The nine subjects who completed both arms of the trial had an average age of 23 (sd 3) years, and an average BMI of 23 (sd 2) kg/m2. Their lipid status was normal (cholesterol 4·3 (sd 1·1) mmol/l; TAG 0·7 (sd 0·3) mmol/l). The sex distribution was five males and four females.
Filtering of metabolomic data
To check for sample outliers, data were analysed by principal component analysis to visualise the variation between samples; no outliers were identified or removed (online Supplementary Figs S1–S3). PCA also revealed that quality-control samples were clustered closely together towards the centre of the axis, indicating low analytical variation (online Supplementary Fig. S1). Analysis resulted in a large number of features in both plasma and urinary analysis, and the vast majority of these were not significantly different between sample groups (P>0·05) or were anomalies and false positives. Applying a filter to remove features that were not significantly different between treatment removed approx. 94 % in urine samples and 88 % in plasma samples (Table 1). The number of features significantly influenced by blueberry treatment ranged from 455 in urine in positive mode to 1004 in urine in negative mode (Table 1). Overall, urine in negative ionisation mode was found to be the most informative as we found 193 features that were higher at the 2-h time point, of which 157 features were higher after the whole blueberry treatment and thirty-six after the juiced blueberry treatment. This pattern was also found for urine in positive mode. In plasma, fewer overall features were found 2 h after treatment: twenty-nine in positive mode and thirty-one in negative mode. Comparing post-whole v. post-juice samples in a pairwise manner, a lower number of ions were significantly different; in positive ion mode, seventy-one features were increased in urine after whole fruit treatment compared with juiced in which only one was higher in intensity (Table 1). Over 7-fold (positive mode) and 4-fold (negative mode)-higher number of ions were present after whole blueberry intake rather than the juice in the urinary metabolome, and there was a relatively similar number of ions following either treatment in the plasma metabolome.

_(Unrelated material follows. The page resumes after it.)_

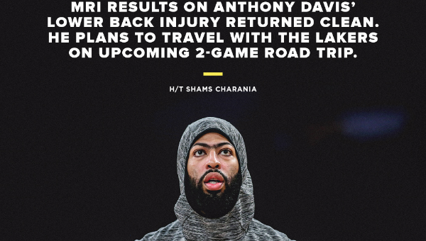 แอนโธนี่ เดวิส สามารถร่วมเดินทางไปกับคณะ แอลเอ เลเกอร์ส เพื่อแข่งฐานะทีมเยือน หลังทราบว่าผลสแกนด้วยคลื่นแม่เหล็กไฟฟ้า พบว่าไร้อาการเสียหายของเอ็นหรือกล้ามเนื้อ
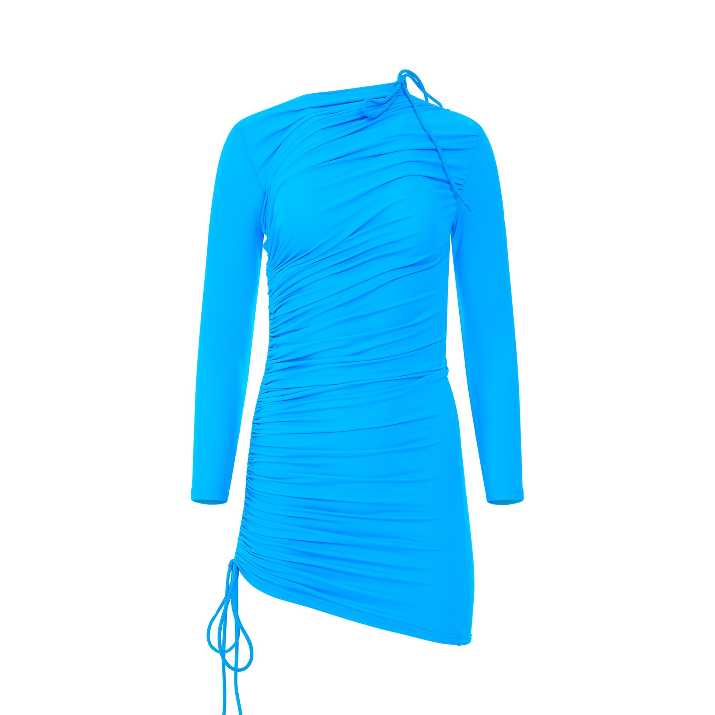Long sleeves mini matte spandex dress in cyan with stretch-design, gathered detailing, adjustable fit and round neck - Composition: 80% Polyamide, 20% Elastane - Stretch-design - Gathered detailing - Adjustable fit - Round neck - Long sleeves - Thigh-length - Drawstring detailing SKU: 704440TYK074960

* Ion features that were significantly different from univariate analysis of post-treatment groups only.
Discrimination between treatments
The full sample list with all variables (following removal of false positives and anomalies) was used when constructing the four-component PLS-DA models to determine whether the samples could be discriminated by treatment. Permutation plots revealed a negative Q2 intercept showing the models were valid (urine negative −0·30 and −0·27; urine positive −0·61 and −0·54; plasma negative −0·09 and −0·16; plasma positive −0·27 and −0·1; online Supplementary Fig. 4). A representative score plot for urine samples using negative ionisation mode is shown in Fig. 1. Although some visual differences were observed, PLS-DA demonstrated only weak discriminating models in all the data sets (R2Y and Q2 <0·5), and therefore weak discriminating ability between treatment (Table 2). Nevertheless, it is noticeable that samples taken before the treatment (pre) clustered together and lie apart from samples taken after treatment. Power analysis of these models revealed that a high percentage of species had power >0·8 in urine samples, but it was lower for plasma samples. As we are interested in the ion species discriminating between whole and juiced treatments, we constructed PLS-DA models of post-treatment samples only, and score plots of these models are provided (online Supplementary Fig. S5). This resulted in high discriminating ability in urine samples, especially with a high percentage of correct classifications (Table 2 and Supplementary information, Table 1). However, these two component models had low power in comparison. To determine which ions were responsible for discrimination between treatments, loadings and VIP plots were generated for each treatment. Fig. 2 shows a representative example of a PLS-DA loadings plot with associated VIP plot (urine data, negative mode). This resulted in a shortlist of ions for each sample set that were followed further for further pairwise statistical analysis of post-samples and putative identification. The top species from the VIP data for both urine and plasma (threshold >1·9) are shown in Table 3 with P values corrected for false discovery rate (q values). This table shows statistical analysis of the ion intensities between treatments (all sample groups) and pairwise analysis of post-whole v. post-juice, and highlight that although the ion intensities maybe be significantly different between all sample groups there was sometimes no statistical difference between post-samples only.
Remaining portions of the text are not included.